The Line: Consumer Prices Rose 2.7% Over the Past Year

  
2 Min Read

By Gregory Heym, BHS Chief Economist and and host of Crossing The Line

Today, the PI brothers give us the latest on inflation, and we find out if mortgage rates can fall for a third straight week.

 Consumer Prices Rose 2.7% Over the Past Year

While that annual gain, and the 0.3% monthly gain were expected, there is still a lot to be worried about in this report. Such as:

  • At 2.7%, the annual rate of inflation remains well above the Fed’s 2% target. What’s even more concerning is that this rate was so high even with a 3.2% decline in energy prices over the past year.

  • Core inflation—which excludes food and energy prices and is typically what the Fed pays the most attention to—rose at a 3.3% pace over the past year. Even more above the Fed’s 2% target.

  • The 0.3% monthly gain in the headline number was the highest since April.

  • Housing accounted for almost 40% of the monthly increase in headline CPI, but there are signs that housing inflation is starting to moderate.

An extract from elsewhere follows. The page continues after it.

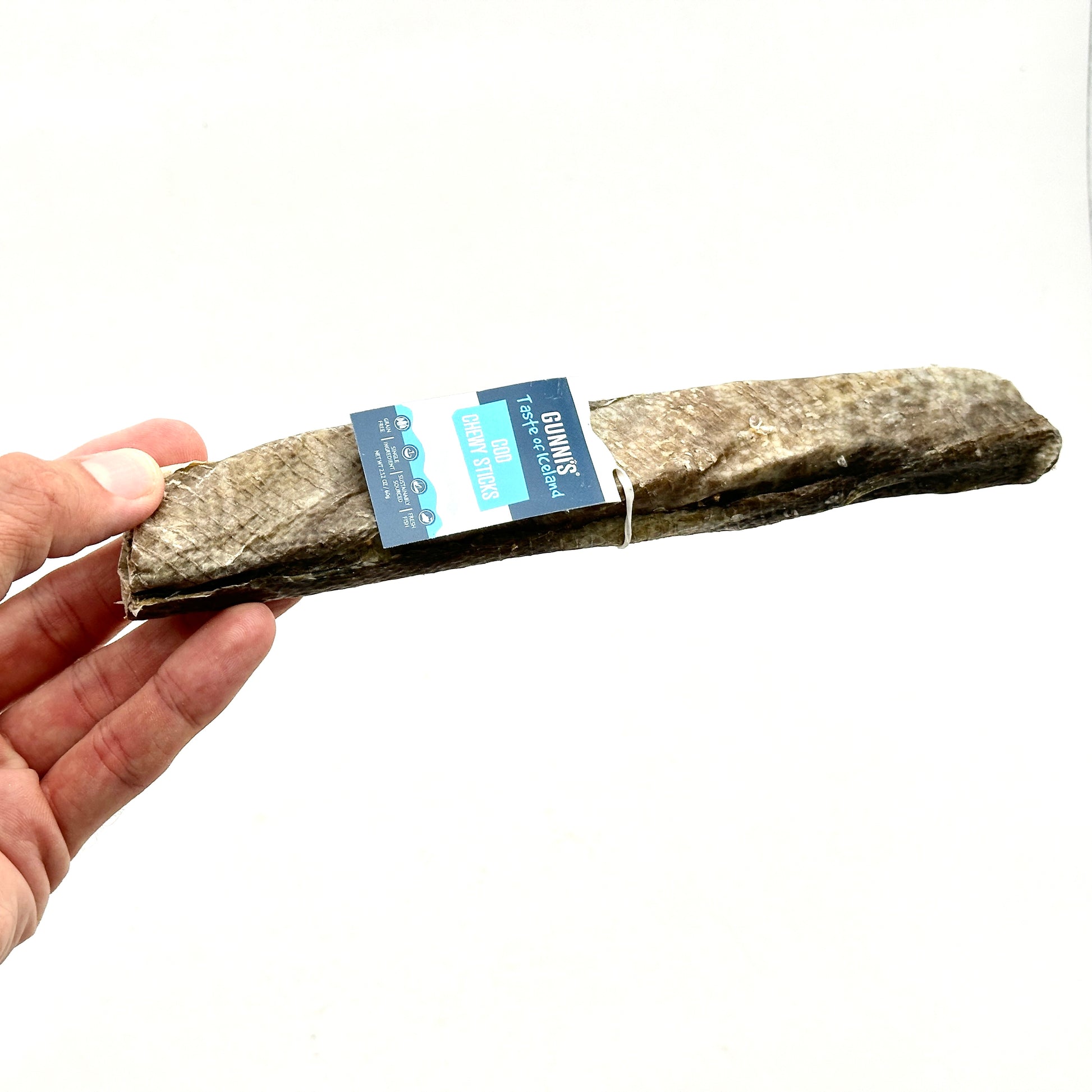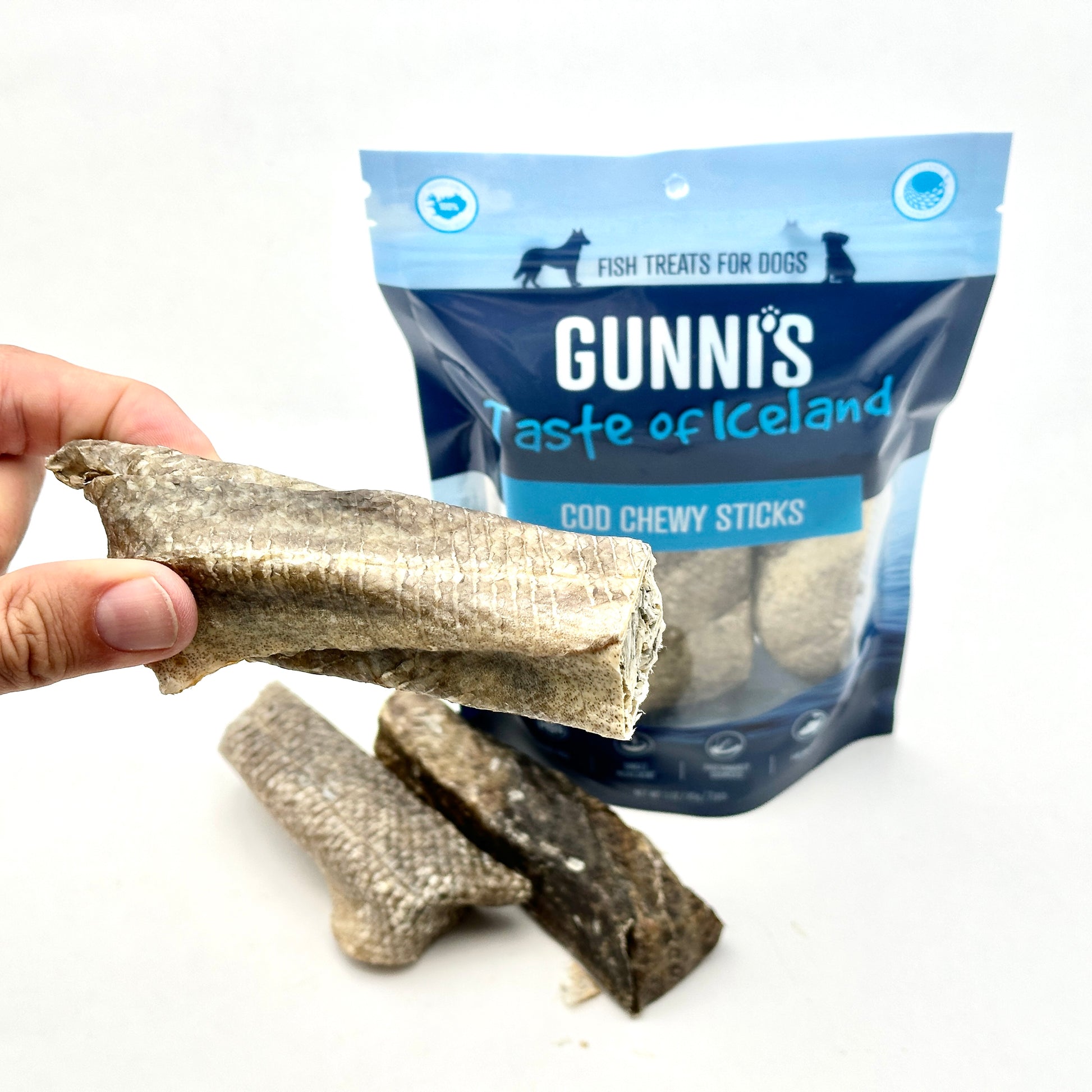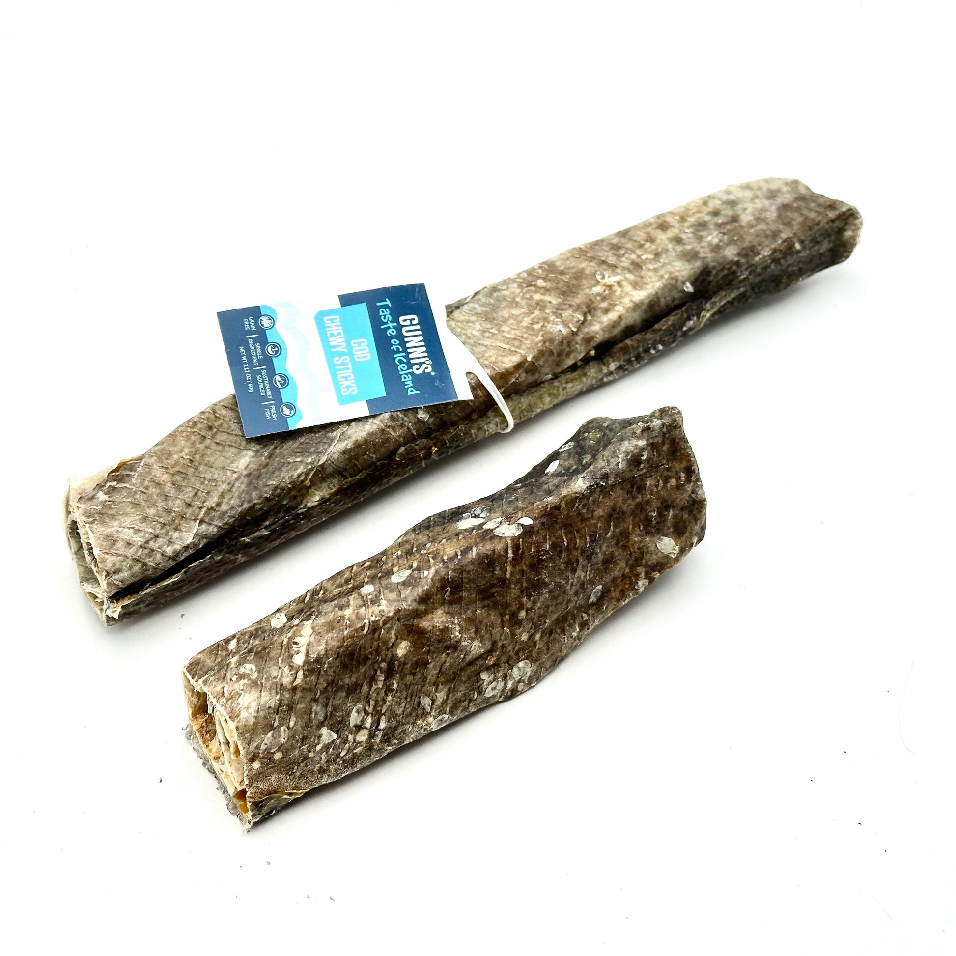 Cod Chewy Sticks från Gunnis är naturliga tugg tillverkade av 100% torsk - lufttorkade på Island utan tillsatser, spannmål eller konserveringsmedel. Doften är tydlig och lockande, och konsistensen är seg och något mjukare än traditionella hårda tugg, vilket gör dem tillgängliga för många hundar som uppskattar ett lättare fiskbaserat tugg.

  • The producer price index came in higher than expected for November, but luckily not too many people care about PPI.

Even with this data, markets fully expect the Fed to cut rates another 25 basis points at their meeting next week, but now they aren’t so sure about a January 2025 rate cut.

Mortgage Rates Fall For the Third Straight Week

The average 30-year conforming mortgage rate fell to 6.6% this week, their third consecutive weekly decline. After rising to a recent high of 6.84% in the week ending November 21, rates have retreated nicely over the past three weeks. After a better-than-expected jobs report and some not-so-great inflation reports, it is a bit of a surprise that mortgage rates are still falling. That said, why question a good thing?